SOE returns fall 91% despite support
Islamabad – A new report from Pakistan’s Ministry of Finance reveals a troubling trend: state-owned enterprises (SOEs) are increasingly reliant on government support, posing a significant threat to the nation’s financial stability and economic growth. Net cash returns from these entities to the government have plummeted to Rs40.7 billion, a dramatic decrease from the Rs458.2 billion received in the previous fiscal year.
SOE Performance and Fiscal Impact
The annual aggregate performance report for fiscal year 2024-25, the first full year under Prime Minister Shehbaz Sharif’s government, paints a bleak picture of SOE performance. For every Rs1 provided in fiscal support, the government is now receiving back only one paisa, according to the report prepared by the Central Monitoring Unit of the ministry. This starkly illustrates the financial strain these entities are placing on the national budget.
Mounting Debt and Inefficiencies
The report attributes the mounting debt levels of SOEs to operational inefficiencies, market volatility, and outdated infrastructure. This has led to increased contingent liabilities for the government and threatens broader economic progress. The finance ministry’s assessment challenges previous claims of improvement and structural reforms, particularly within the power sector.
Power Sector Concerns
The report specifically criticizes the planning approach of power distribution companies, noting they rely on activity-based planning and “hope for positive outcomes” rather than a value-based approach grounded in financial modelling. Business plans submitted by these companies are described as “descriptive rather than analytical,” lacking crucial financial planning elements like capital prioritization and return on investment modelling.
Broader Sectoral Risks
The finance ministry identifies significant risks across multiple sectors, including oil and gas, power, infrastructure, information and communication technology (ICT), financial institutions, insurance, trading, and manufacturing. Companies in the oil sector, such as Oil & Gas Development Company Limited, Pakistan Petroleum Limited, and Pak-Arab Refinery Company Limited, are particularly vulnerable to the circular debt cycle.

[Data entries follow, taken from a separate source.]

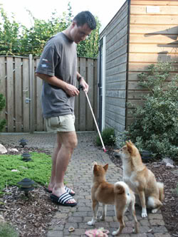 Nou om een uur of half elf was hij er en hij had een welkom onthaal door Keiko en Rontu die hem bijna onderste boven liepen.
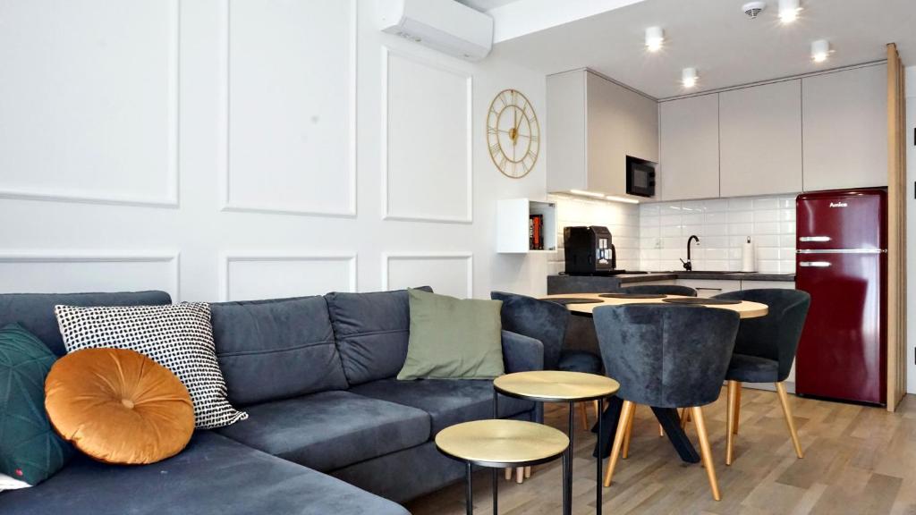 Oferta apartamentu obejmuje sypialnię (1), salon, kuchnię z pełnym wyposażeniem, w tym lodówką i ekspresem do kawy, a także łazienkę (1) z prysznicem oraz bezpłatnym zestawem kosmetyków. W apartamencie zapewniono ręczniki i pościel.
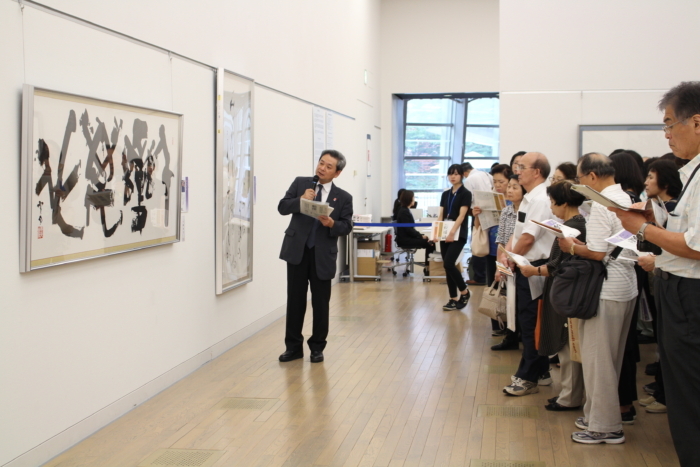 東京展実行委員の先生方によるギャラリートークも始まり、午前中は東京都美術館で岩井秀樹先生(かな)、午後は国立新美術館で中村伸夫先生(漢字)=写真=が、最高幹部の先生方の作品を中心に見どころを解説しました。(左記の写真は読売書法展公式HPより転載いたしました)
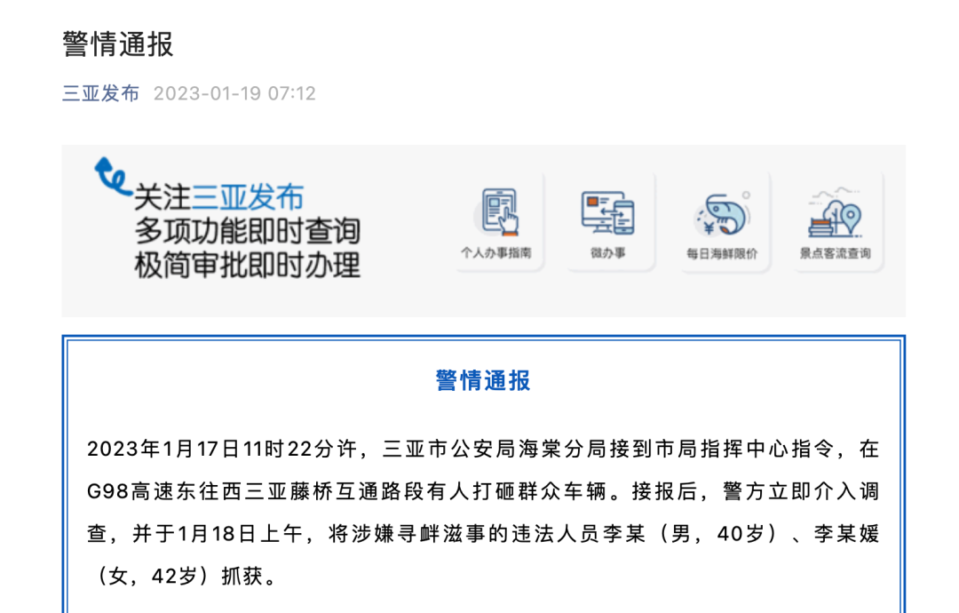 2023年1月17日11时22分许,三亚市公安局海棠分局接到市局指挥中心指令,在G98高速东往西三亚藤桥互通路段有人打砸群众车辆。接报后,警方立即介入调查,并于1月18日上午,将涉嫌寻衅滋事的违法人员李某(男,40岁)、李某媛(女,42岁)抓获。
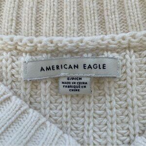 American Eagle Women's Cream Blue Striped Oversized Wide Knitted Sweater Size SMALL
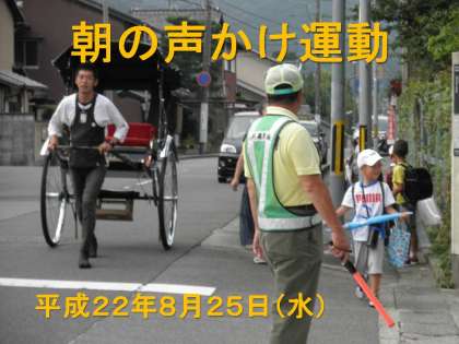 今日(8月25日)から前期の学習が再開されました。今朝はPTAの役員の皆様からお声かけをいただいて,校区内一斉に「朝の声かけ運動」をしていただきました。学校においでいただいて,子どもたちに「おはよう」と声をかけてくださったり,それぞれのおうちの前や通学路の横断歩道等で,登校する子どもたちの様子を見ていただいて声をかけてくださったり・・。
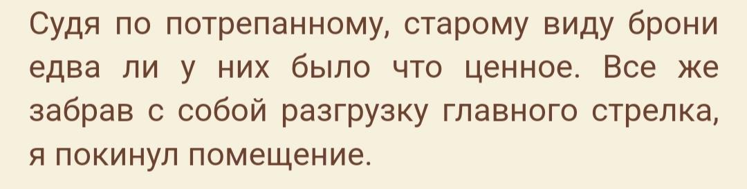 3 вроде он там собирал трофеи с карликов, последним с кинетическим уроном от жезлов, неуверен что там что-то осталось от расходников или банки-склянки. Может ветеран когда сказал "Я там твои вещи собрал", намекнул про сам хабар и лут. Кто знает) опять таки спешка, перенаправить удар бомбы и так далее, сами ранения и возврат в живых с того мира, не до лута. Наоборот читалось бы глупо, Когтя чуть ли не убили, он зеньки открыл и "Бля лут!нужно больше золота!" Пфф, что за дичь?)
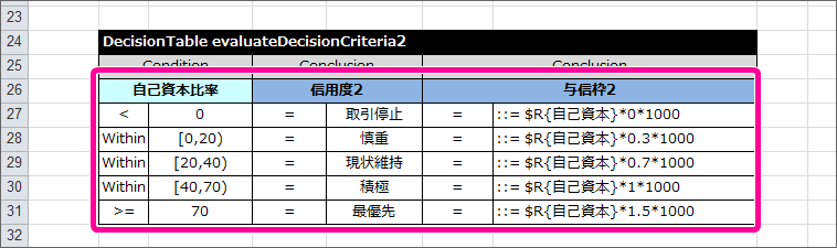 自己資本比率に基づいて、与信枠を計算し、信用度とともに返却する DecisionTable をまとめます。
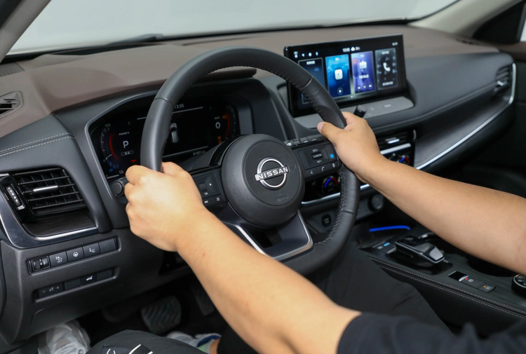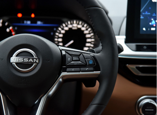 方向盘结构为D字形三幅式设计,左右两个辐条安装了大量的按键,包含多媒体控制、导航系统等功能,如果你在方向盘右半部分发现了一个蓝色图标,造型为两个圈和一个小车,那么这款车就是搭载了超变擎系统的全新天籁。
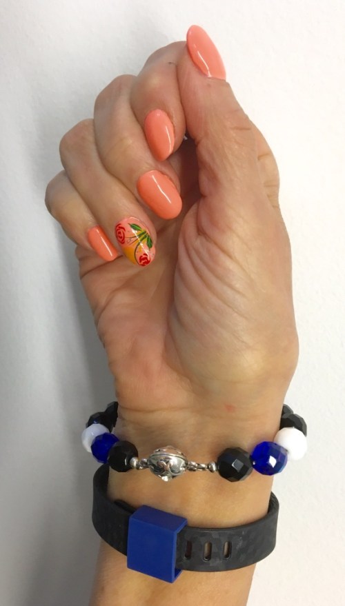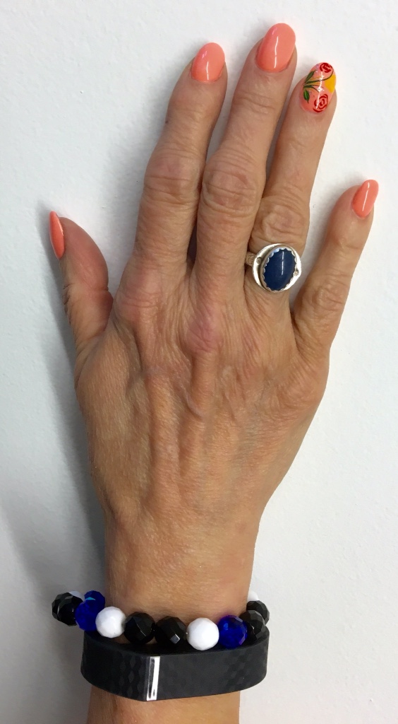 I used a muted checkered black FitBit Band with a Royal Blue clasp cover.
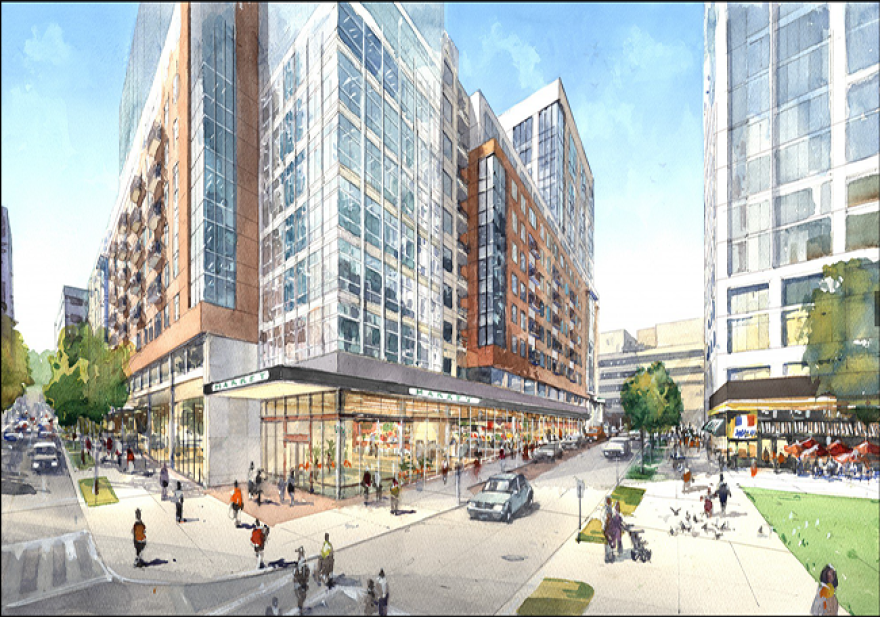 But Gibbons said they need around $43 million in public funding to get things moving. $26.5 million would come from tax credits the developer is eligible for and would get up front rather than later. The remaining $16.4 million would be a grant tied to a hotel tax the county will collect down the road. Plans for Towson Row include a hotel, as well as retail stores, offices, apartments and student housing.
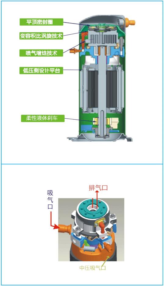 喷气增焓压缩机的采用增强了机组的效能:

Fiscal Flow and Efficiency
The decline in net fiscal flow – the difference between SOE contributions to the government and the fiscal support they receive – is a key indicator of the deteriorating situation. The fiscal efficiency index has also dropped, meaning SOEs are returning less value for each rupee of government support. For every Rs100 spent on operations, SOEs are now earning only Rs80 in revenue, highlighting persistent cash flow deficits.
Frequently Asked Questions
What is the current state of net cash returns from SOEs?
Net cash returns from SOEs to the government have fallen sharply to Rs40.7 billion, a 91% decrease from the previous fiscal year.
What factors are contributing to the financial difficulties of SOEs?
Mounting debt levels, operational inefficiencies, market volatility, and outdated infrastructure are contributing to the financial difficulties of SOEs.
What concerns were raised about the power sector?
The report criticizes power distribution companies for relying on activity-based planning and lacking rigorous financial modelling in their business plans.
Given these findings, what steps might Pakistan take to address the financial vulnerabilities of its state-owned enterprises and promote sustainable economic growth?